In any event, Jesus, casts know the name, has the power to cast out the legion of demons. The demons enter the gentile herd of swine, unclean and impure animals who plunge themselves into the sea where evil spirits belong. The people witnessing this strange event are amazed at what Jesus has done. But they are also afraid of Jesus’ power. It’s just awesome. What might that power mean to them. If it has such power for good, might it not also have other powerful implications for their lives that would be dramatically changing in a world that didn’t change much.
The story then concludes with the demoniac wanting to follow Jesus. Jesus rejects the idea that the restored man follow him personally, but that he go back to the Decapolis, the Ten Gentile Towns, and proclaim “how much the Lord has done for you, and what mercy he has show you.” And, he did so. Here is a strong indication that the ministry of Jesus was beginning to be expanded into Gentile territories.
Now what does all of this mean for us? Obviously the story expresses a much of the folklore of the period. We’re not very comfortable with the idea of demons. All of that seems somewhat unsophisticated for an age of reason and science. But what does seem to come through is that Mark and the early church saw in Jesus a hope unlike anything else the world had been able to give. In the beginning in the creation there was chaos. The Spirit of God brooding over the chaos brought forth new life. The disciples terrified in this awful storm, see though the work and presence of Jesus an uncanny calm and restoration from the violence of the sea. Jesus is saving his disciples in the storm, in much the same way that the righteous Noah was saved by the building of the Ark. Just as Moses had led his people across the Red Sea, Jesus brings his disciples to a safe shore. The stories are fulfillment stories as well, indicating how Jesus Christ can calm the wind and wave as God does in Psalm 107:29f, “He stilled the storm to a whisper and quieted the waves of the sea. Then were they glad because of the calm, and he brought them to the harbor they were bound for.” It’s an incarnational story, God has come in Jesus Christ to live with and to save his people from the powers and demonic forces of destruction. God has come to bring about a sanity and Word of Peace and Healing to a bruised, crazy harmful world.

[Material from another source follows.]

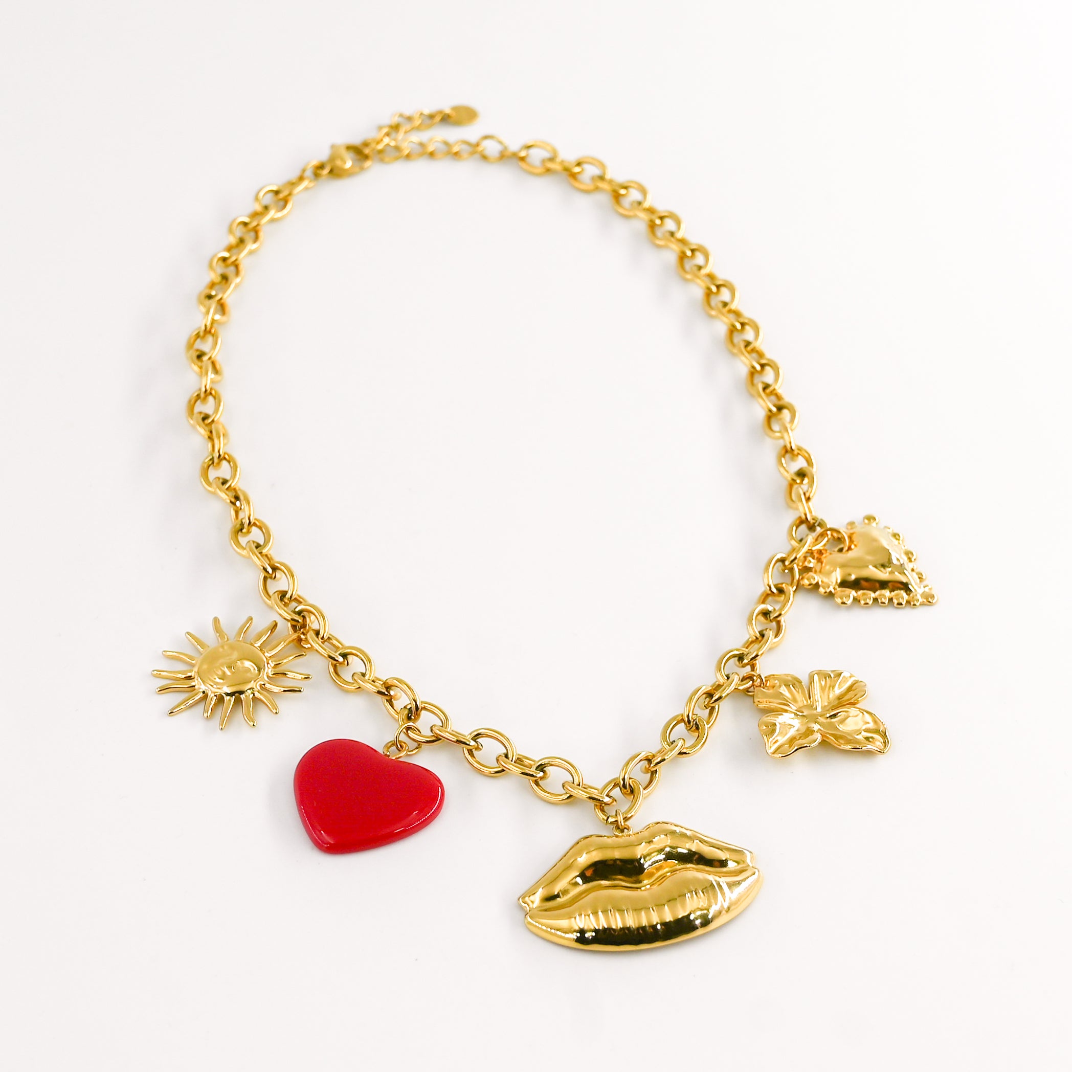 • Collier maille composé de charm's dorés et d'un coeur rouge, en acier inoxydable

What so vividly describes our own world in our own time is the violence and the craziness of the world. We may not want to think of the world as possessed by demons with pitch-forks, long tails, and horns, but neither can we escape the fact that there is evil spiritedness that possesses all of us at one time or another. It is sometimes a terrifying and frighening world though like the disciples we may not want to own up to that.

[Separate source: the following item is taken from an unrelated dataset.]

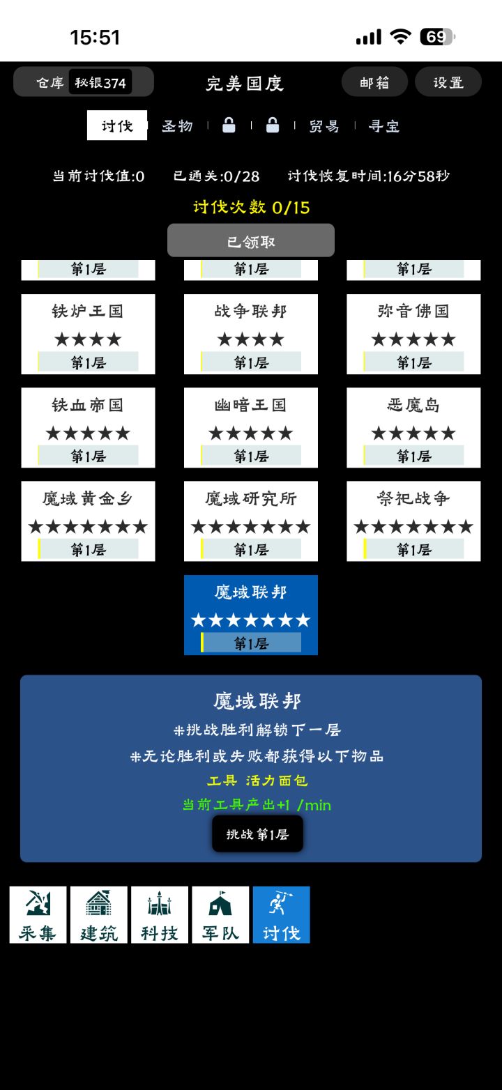 1. 先说结论 此方法讨伐可以在前期比别人讨伐多10倍的资源量 首先讨伐是赢了输了奖励都是一样的 且半小时会增加一次讨伐 看到上限就直接打 金字塔保底20金币 魔域联邦保底20工具和俩面包 工具前期也需要相当于凭白比别人多两个面包 活力点加资源是根据资源建筑等级来的建议前期加木石食钱 第一天直接领取10面包军功快速发育2. 结论 层数是6 11 16 以此类推才能额外加一点资源产出 第一层不加从

We live in a culture that has sometimes be referred to as the culture of death, and at the very least a culture of violence. We are enchanted by murder mysteries and a host of TV shows and movies in which people are killed off right and left. We heard just recently on the news how women in Central Park were physically and sexually abused be roaming bands of men. The Lakers won the championship in Los Angeles which sent people in the crowds out to burn, loot, and destroy public property. We’ve seen mob violence over recent years at many athletic events in the name of celebration. Doesn’t that seem to be a little crazy? We are only recently having to take a good hard look again at the death penalty, which by in large is racist and often a perversion of justice. There may be some reasonable and good scientific reasons for abortion, but abortion as simply a convenient form of birth control is a form of out right violence. It is a violent act. People often react violently in the cars, creating a new form of violence we refer to as Road Rage.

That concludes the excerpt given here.